(DIRECTIONS) Shown below is a listing with pictures; reproduce exactly, and only, the lines between the ones containing "Frankrikes president Emmanuel" and "每日最少两次高压冲洗站内及站", inclusive, leaving the pictures out.

(RECORDS FOR PROCESSING)
┌──
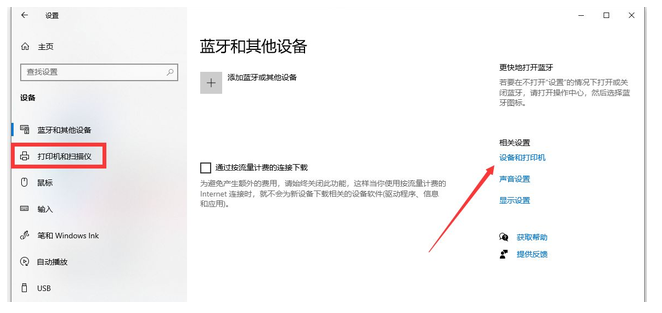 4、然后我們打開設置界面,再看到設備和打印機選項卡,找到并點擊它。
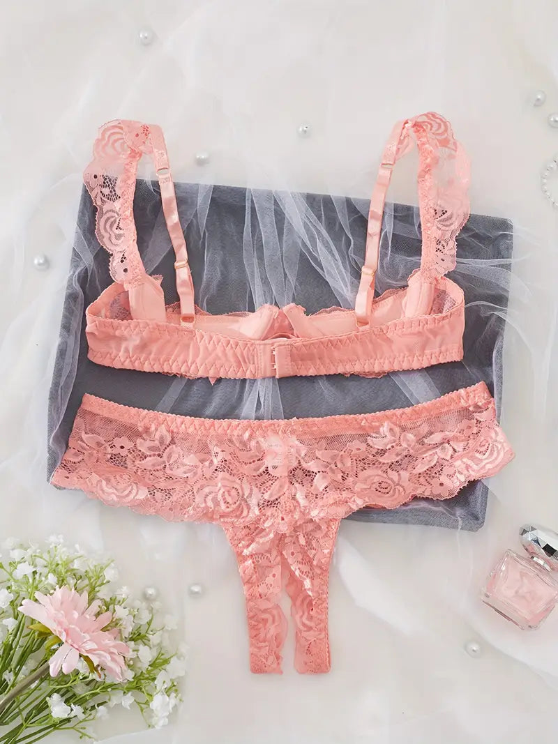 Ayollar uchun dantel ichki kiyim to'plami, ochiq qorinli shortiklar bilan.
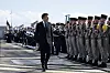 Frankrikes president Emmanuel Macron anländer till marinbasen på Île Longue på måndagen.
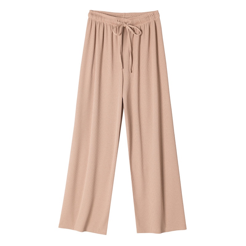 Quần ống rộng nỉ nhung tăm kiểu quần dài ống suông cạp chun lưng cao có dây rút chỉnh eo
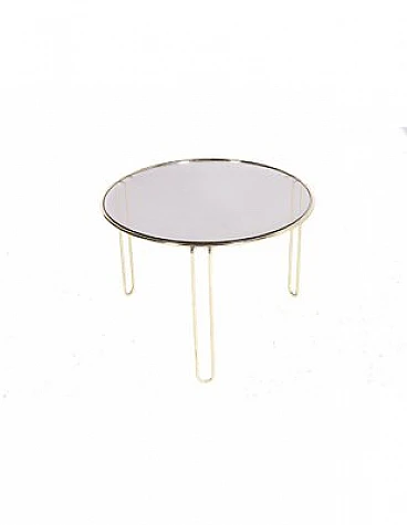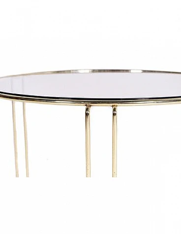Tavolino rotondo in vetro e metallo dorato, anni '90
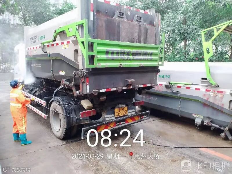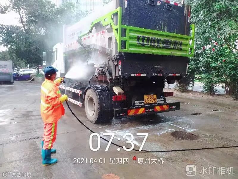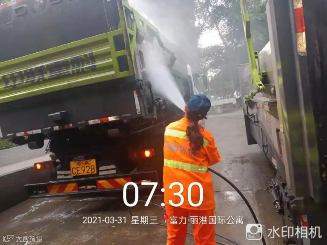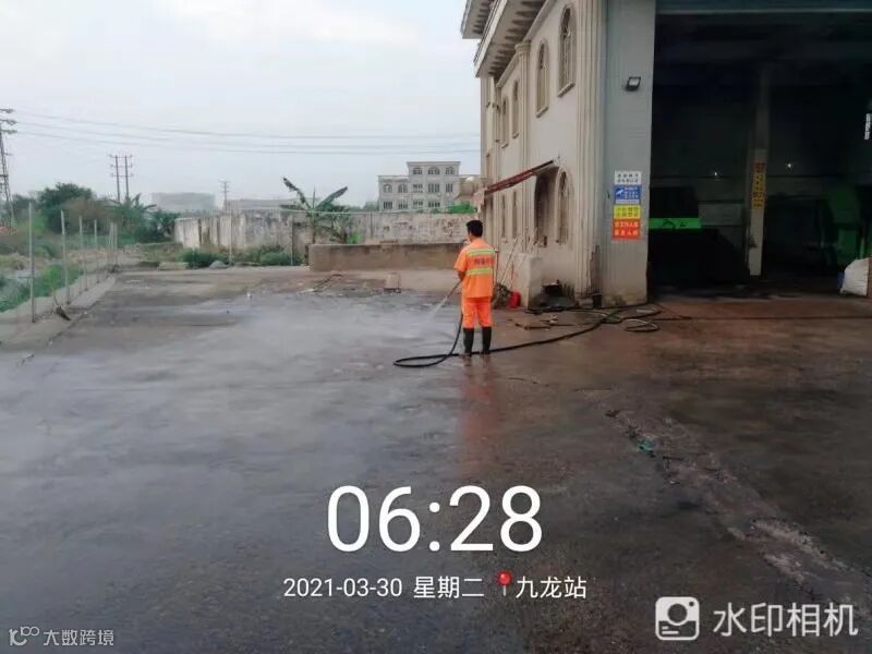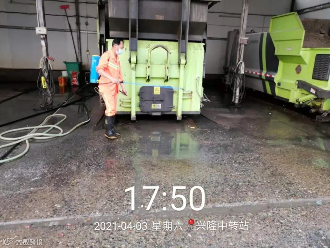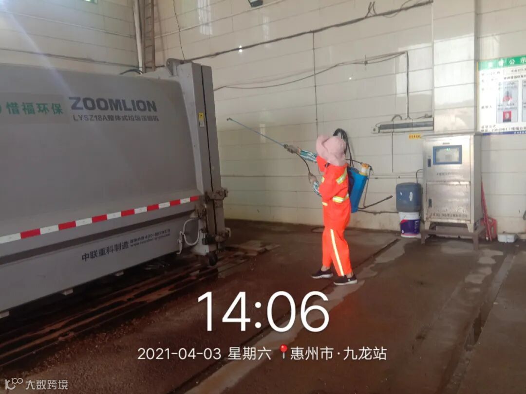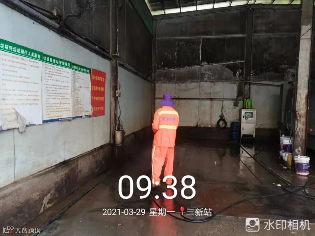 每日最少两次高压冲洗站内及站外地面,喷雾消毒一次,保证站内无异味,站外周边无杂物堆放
└──
┌──
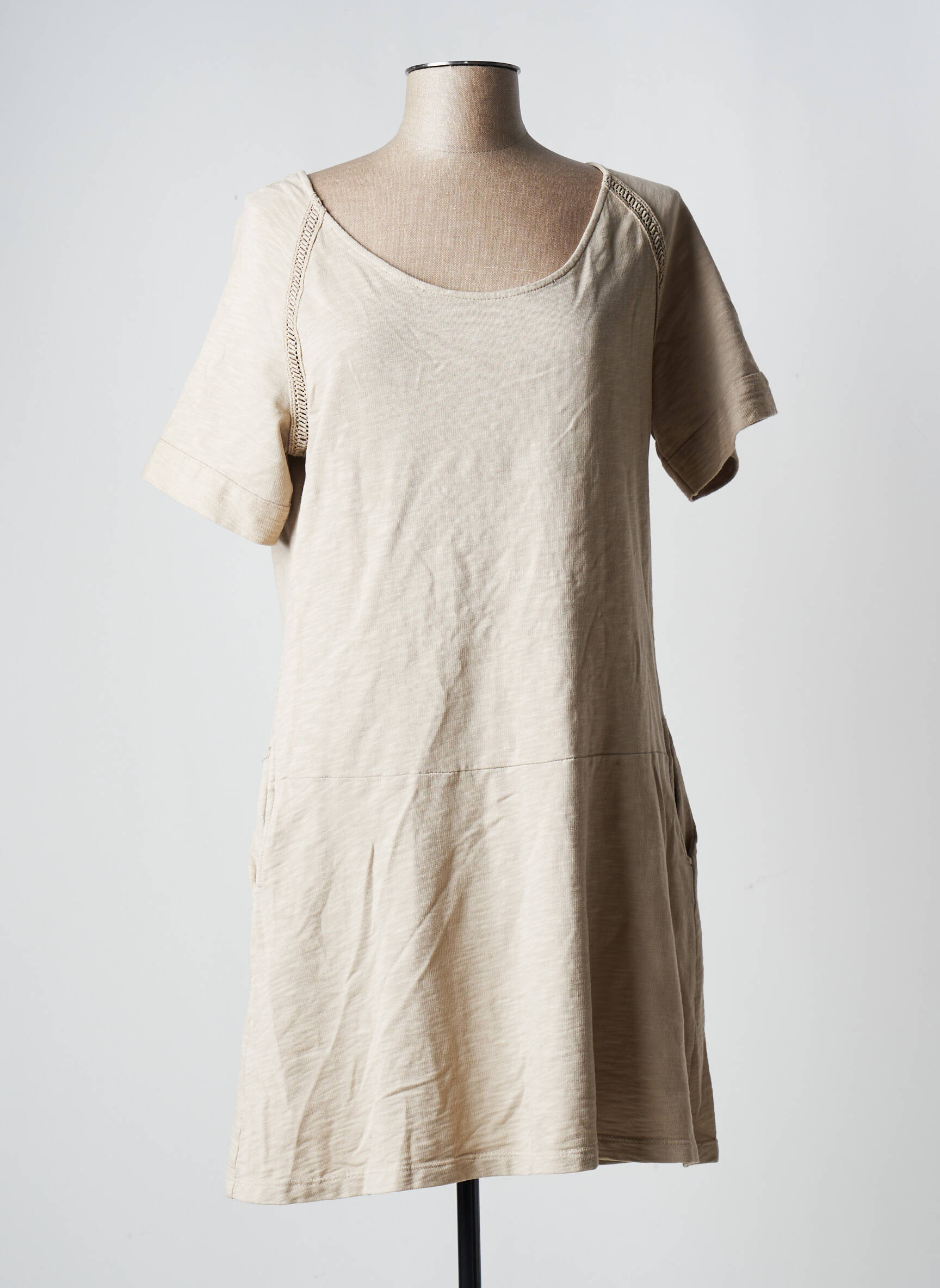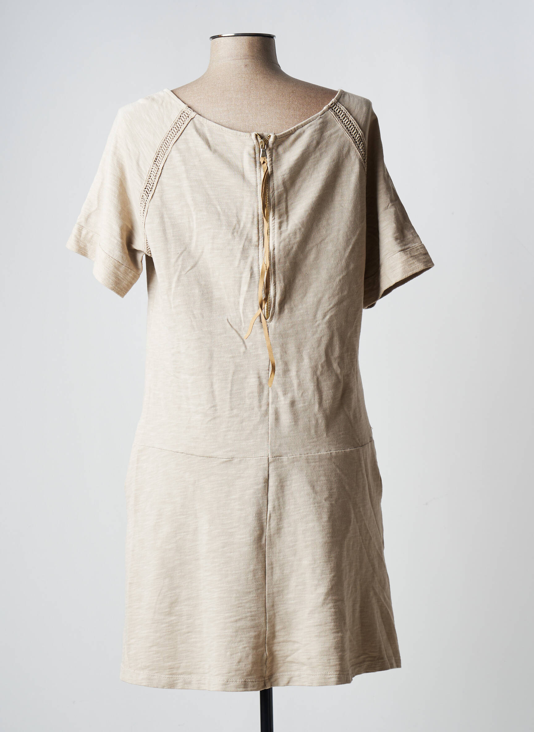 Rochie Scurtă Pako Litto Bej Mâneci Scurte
└──
(WRITTEN SOLUTION)
 Frankrikes president Emmanuel Macron anländer till marinbasen på Île Longue på måndagen.
 Quần ống rộng nỉ nhung tăm kiểu quần dài ống suông cạp chun lưng cao có dây rút chỉnh eo
Tavolino rotondo in vetro e metallo dorato, anni '90
 每日最少两次高压冲洗站内及站外地面,喷雾消毒一次,保证站内无异味,站外周边无杂物堆放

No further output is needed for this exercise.